3. AVOID MUSCLE STRAIN
- Use your arm as normally as possible. Activities that require full range of motion of your arm are okay; there is no need to avoid using your arm in normal day to day activities.
- Discuss any questions regarding lifting restrictions with your therapist. If you are low risk for lymphedema, lifting restrictions are often not needed.
- Begin any new exercise program slowly, increase gradually and monitor your arm carefully. Be sure to warm up and cool down properly. Swimming, walking, bicycling, dancing and yoga are suggested. Aerobics classes may be acceptable. Use of light weights with high repetition is acceptable. Tennis, golf, and racquetball may be okay, but may increase swelling in some people; if you are high risk for lymphedema, discuss this with your therapist. Contact sports are best avoided.

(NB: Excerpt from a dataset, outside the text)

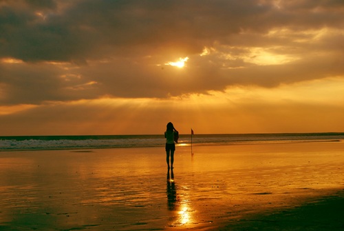 LESINDO.COM – Penantian yang panjang sering kali tidak hadir sebagai sesuatu yang megah. Ia justru datang pelan, temaram, seperti langkah kaki di pasir yang perlahan dihapus ombak. Di tepi pantai Kuta, saat langit mulai kehilangan terangnya, seseorang bisa belajar bahwa hidup bukan tentang seberapa cepat kita sampai, tetapi seberapa dalam kita merasakan setiap jeda yang diberikan waktu.
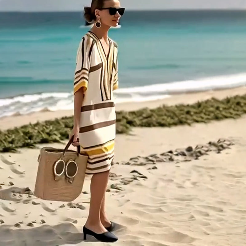 Pachetul include: 1 × Rochie cu decolteu V cu dungi pentru femei

- Discuss your exercise preferences with your therapist for specific guidelines; your therapist may recommend measuring your limb on a regular basis to gain feedback about how your exercise program is affecting your lymphedema.
4. AVOID SUNBURNS & BURNS
- Use a high SPF sunscreen on the arm at risk, and on the trunk quadrant, whenever in the sun.
- Use extra long oven mitts to protect hands and forearms from cooking burns.
- Smokers should hold their cigarettes in the other hand.
- Practice taking covers off microwaved food with the other hand.
- Use caution with heated hair styling aids.
6. AVOID CONSTRICTION
- Carry your purse on the other shoulder and lighten its load, if possible.
- After breast surgery, wear the lightest weight prosthesis you can manage.
- Wear a loose watchband, or wear your watch on the other arm. Avoid tight jewelry.
- Underclothes should not bind at the chest or underarms. Check bra size, especially if you gained weight from chemotherapy.
- Be sure clothes are loose at wrists.
7. FLYING WITH LYMPHEDEMA
- Flying after breast surgery is okay.
- If you have lymphedema and have been prescribed a compression garment for treatment of your lymphedema you should wear that garment when flying. There is no clear rationale for wearing a compression garment when flying if you do not have lymphedema.